Antipsychotic use in adults with ID tracks living place more than clinical need — and newer trials show many can safely come off.
01Research in Context
What this study did
The team mailed short forms to every learning-disability service in North-West England. They asked how many adults had challenging behavior and how many took antipsychotics.
Forms came back from 25 districts. The survey counted pills, not people. It showed where drugs were used, not why.
What they found
Nearly half of the adults with challenging behavior were on antipsychotics. Prescribing rates swung from 20% to 80% between districts. Living in a hospital or hostel raised the odds more than any diagnosis.
How this fits with other research
de Kuijper et al. (2014) later proved many of those same adults can taper off the drugs safely. Their 14-week taper cut challenging behavior with no extra risk.
Rieth et al. (2022) repeated the survey idea and found the new driver is lack of daily choice, not geography. The map changed, but pills still follow place, not need.
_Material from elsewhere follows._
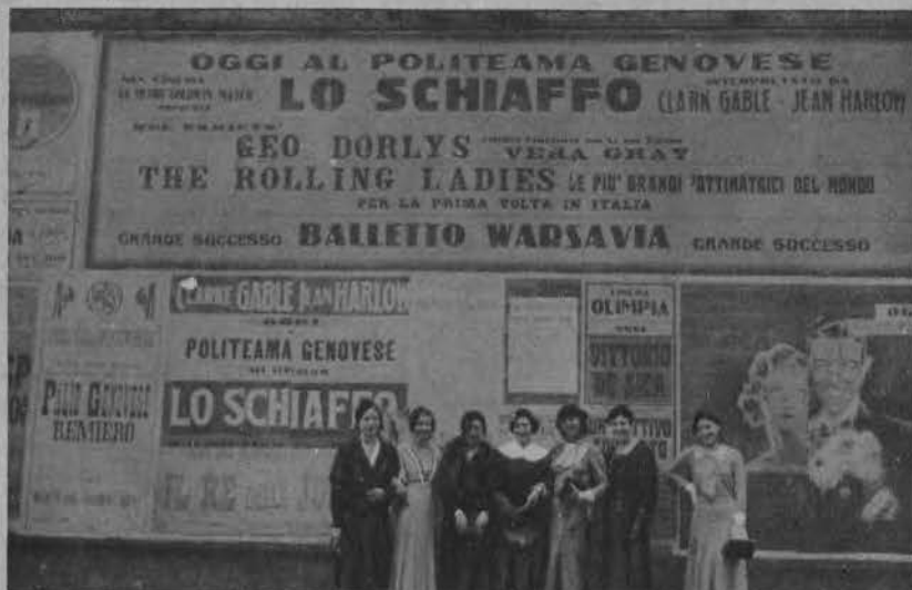
Polski zespół baletowy „Varsavia” występuje z powodzeniem we Włoszech. Na zdjęciu widzimy nasze tancerki pod wielkim afiszem, reklamującym ich występ w Genui.

Edwards et al. (2007) asked psychiatrists and learned most already believe the drugs are over-used. The worry Lerman et al. (1995) uncovered was already shared by prescribers.
Why it matters
If you write behavior plans for adults with ID, check the med list first. Ask when the last drug review happened. Push for gradual tapers and more daily choices. Geography and setting should not decide who gets sedation — the behavior plan should.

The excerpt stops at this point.